Эльво Глиссам пришел к тому же выводу. Лицо его сморщилось и посерело, он издал короткий гортанный звук, напоминавший начало стона.
Джерд Джемаз пристально рассматривал всадников в бинокль: "Они верхом на криптидах".
Шайна, на мгновение задержавшая дыхание, резко выдохнула: "Ао!"
Не опуская бинокль, Джемаз кивнул: "Похоже на то. Белые повязки, белые султаны. Это ао".
Шайна дышала тяжело и часто, всхлипывая от облегчения. Глиссам спросил - тихо, напряженно: "Они не опасны?"

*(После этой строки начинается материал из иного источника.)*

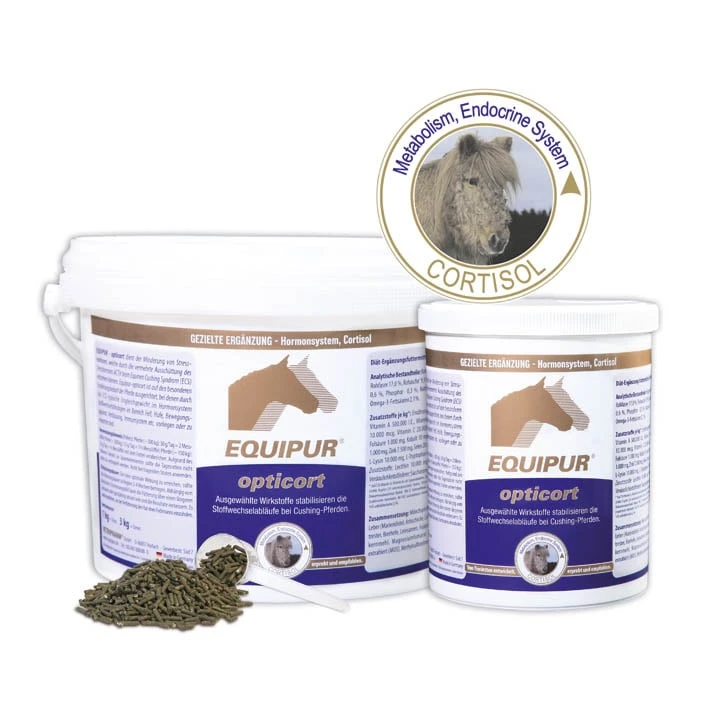 EQUIPUR – opticort gleicht fütterungsbedingte Vitalstoffmängel, welche durch die vermehrte Ausschüttung des Stresshormons ACTH beim Equinen Cushing Syndrom (ECS) entstehen können, wirksam aus. Durch das ECS-typische Ungleichgewicht im Hormonsystem liegt besonders im Bereich Fell, Hufe, Bewegungsapparat, Verdauung, Immunsystem etc. ein spezieller Ernährungsbedarf vor.

"Нет", - коротко отозвался Кельсе.
Всадники приближались - за ними далеко тянулись медленно опускающиеся клубы пыли. Тем временем, Джерд Джемаз поднял бинокль к небу: "Ага! Вот он!" Джемаз указал на едва заметное пятнышко в облаках. Пятнышко, неторопливо дрейфовавшее в западном направлении, мало-помалу набрало скорость и исчезло.
Криптиды бежали легкой трусцой, почти бесшумно переступая по щебню. Как того требовал обычай, кочевники объехали четырех путников по кругу и остановились. Очень пожилой человек, чуть покороче и пошире в плечах, чем большинство его соплеменников, спешился и подошел поближе. Шайна побежала навстречу и взяла его за руку: "Кургеч! Я вернулась в Рассветную усадьбу!"
Кургеч прикоснулся пальцами к ее волосам - жестом не столь почтительным, сколько напоминавшим отеческую ласку: "Рады тебя видеть, барышня".
Кельсе шагнул вперед: "Ютер Мэдцок убит. Спиранья сбила его машину над Драмальфо".
Серое лицо Кургеча, не натиравшегося лазурным маслом, не отразило никаких чувств. Шайна догадалась, что старый ао давно знал о происшедшем. Она спросила: "Кургеч, кто убил моего отца?"
"Эту истину еще не дано постигнуть".
Сильно хромая, Кельсе подошел почти вплотную и хрипло произнес: "Добудь эту истину, Кургеч. Когда постигнешь, поделись с мной".
Кургеч ответил медленным кивком, не обещавшим ничего определенного, повернулся и подал знак четырем соплеменникам. Те спешились и подвели под уздцы своих криптид. Джерд Джемаз почти поднял Кельсе, помогая ему залезть в седло. Шайна посоветовала Глиссаму: "Просто сидите и держитесь - погонять не нужно".
Она тоже вскочила в седло. Ее примеру последовал Джерд Джемаз. Уступившие своих криптид ао устроились на багажных седлах за спинами других кочевников. Караван направился к Рассветной усадьбе.
Через два часа они обогнули Ржавый Перст и выехали на Южную Саванну. Шайна увидела родной дом и чуть не заплакала - она слишком устала, чтобы сдерживать эмоции. Обернувшись, она заметила, что на глаза ее брата тоже навернулись слезы, хотя теперь лицо его, вытянувшееся от боли и посеревшее от загара и пыли, чем-то отчетливо напоминало лицо ехавшего рядом кочевника. Мрачноватая физиономия Джерда Джемаза тоже потемнела, но, как всегда, не позволяла догадаться, о чем он задумался. Эльво Глиссам, слишком вежливый для того, чтобы откровенно демонстрировать облегчение, ехал в сосредоточенном молчании. Шайна украдкой наблюдала за ним. Горожанин явно заслужил одобрение Кельсе, да и Джерд Джемаз не проявлял к нему былой неприязни. Когда он вернется из Уайи в Оланж, ему будет о чем вспомнить!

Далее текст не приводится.